O seu município integra a rede de Municípios com Actividade Taurina. Qual a importância da tauromaquia para o município?
A Tauromaquia é um aspecto de extrema importância na afirmação da identidade de Vila Franca de Xira. A elevada participação popular em todas as iniciativas de âmbito tauromáquico, designadamente a Semana da Cultura Tauromáquica ou o Colete Encarnado, expressa de forma inequívoca o valor intrínseco da arte e cultura tauromáquicas no seio da nossa Comunidade. É muito mais do que apenas uma parte da nossa história; é um aspecto profundamente enraizado na nossa Cultura e marca aquilo que somos enquanto povo.

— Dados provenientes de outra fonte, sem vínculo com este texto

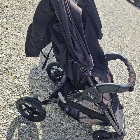 Britax barnvagn i lila och svart färg. Vagnen har tre hjul med svängbart framhjul, varukorg under sittdelen samt justerbart handtag. Sittdelen är utrustad med sele och bygel framtill. Vagnen är hopfällbar för enklare förvaring och transport. Passar ett barn som sitter upp själv.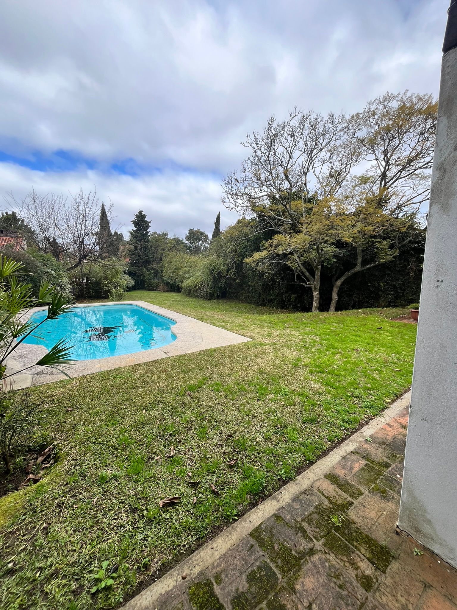 Gran jardín al frente, con rejas y espectacular fondo con piscina, parrillero techado y deposito.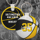 Este legal chaveiro do tema de basquete apresenta a imagem realista de uma bola de basquete que tem painéis coloridos em preto, branco e ouro alternados na frente e uma simples forma de basquete preto no verso - personalize facilmente com o nome do jogador & número de camisa na frente e na escola ou no nome do clube e nome do mascote no verso - por katz_d_zynes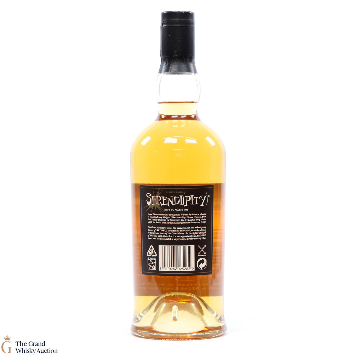 Born out of a happy accident when someone mistakenly mixed some Glen Moray into a vat of old Ardbeg. The mix-up created this blend that is 2 parts Glen Moray and 8 parts of older Ardbeg. Serendipity is a lightly smoky blended malt. A rare find with a charming story.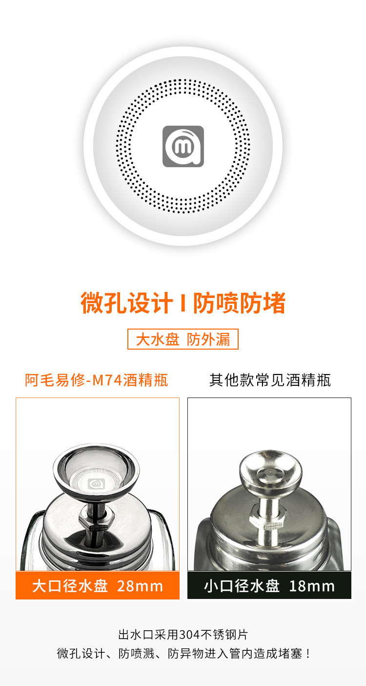 아마오 쉬운 수리/M74 알코올 병 유리 판 세척 물 병 프레스 유형 마이크로 다공성 스테인레스 스틸 튜브 대용량 비 드립스토어 가기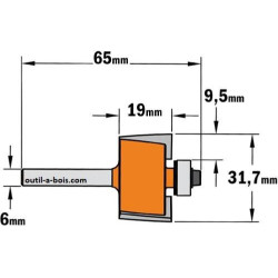 - Diamètre 31,7 mm - Profondeur de la feuillure (H) 9,5 mm - Longueur de coupe (I) 19 mm - Longueur totale 64,8 mm - Diamètre de roulement 12,7 mm - Queue de 6 mm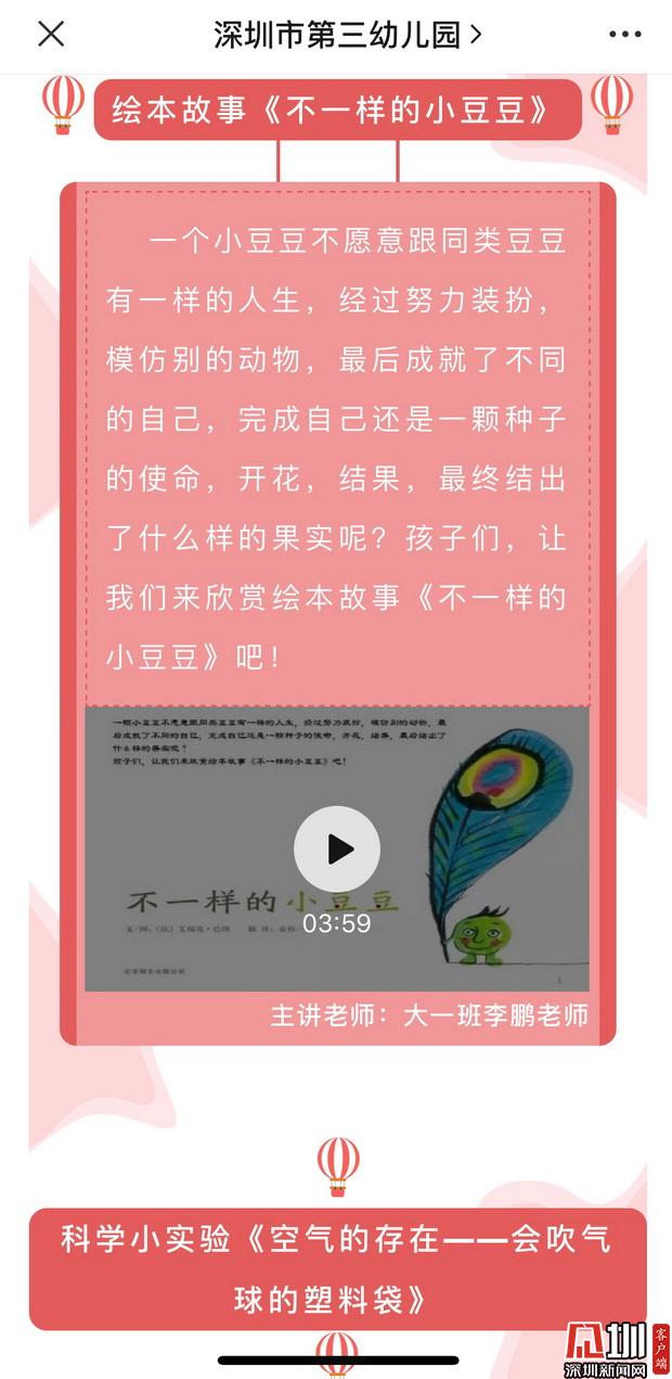 深圳市第三幼兒園園長(zhǎng)邱雪華訴記者:“目前,三幼已經(jīng)開(kāi)啟線上教學(xué)活動(dòng),我們充分運(yùn)用公眾號(hào)、微信群等網(wǎng)絡(luò)平臺(tái),與家長(zhǎng)、幼兒充分互動(dòng),陸續(xù)推出具有健康促進(jìn)特色的圖文推送,其中包括介紹防疫常識(shí)的攻略、由園長(zhǎng)主講的園長(zhǎng)電臺(tái),還創(chuàng)辦了每日一期的原創(chuàng)系列游戲,以便家長(zhǎng)在家也能獲取適宜的親子游戲活動(dòng)資源?!庇浾咴谏钲谑械谌變簣@的微信公眾平臺(tái)上看到,幼兒園線上互動(dòng)內(nèi)容豐富,其中包括視頻繪本故事、科學(xué)小實(shí)驗(yàn)以及親子體育游戲。每個(gè)版塊均由深圳市第三幼兒園老師們主講示范并錄制視頻,便于孩子及家長(zhǎng)學(xué)習(xí)。

Como reage às manifestações e tentativas de acabar com a tauromaquia quer a nível nacional quer em termos internacionais por alguns grupos?
Consideramos que todos os pontos de vista são legítimos, desde que naturalmente se expressem de forma não-violenta e com respeito pelas demais opiniões divergentes. A democracia tem na sua essência princípios básicos de liberdade e de tolerância que devem ser respeitados acima de tudo.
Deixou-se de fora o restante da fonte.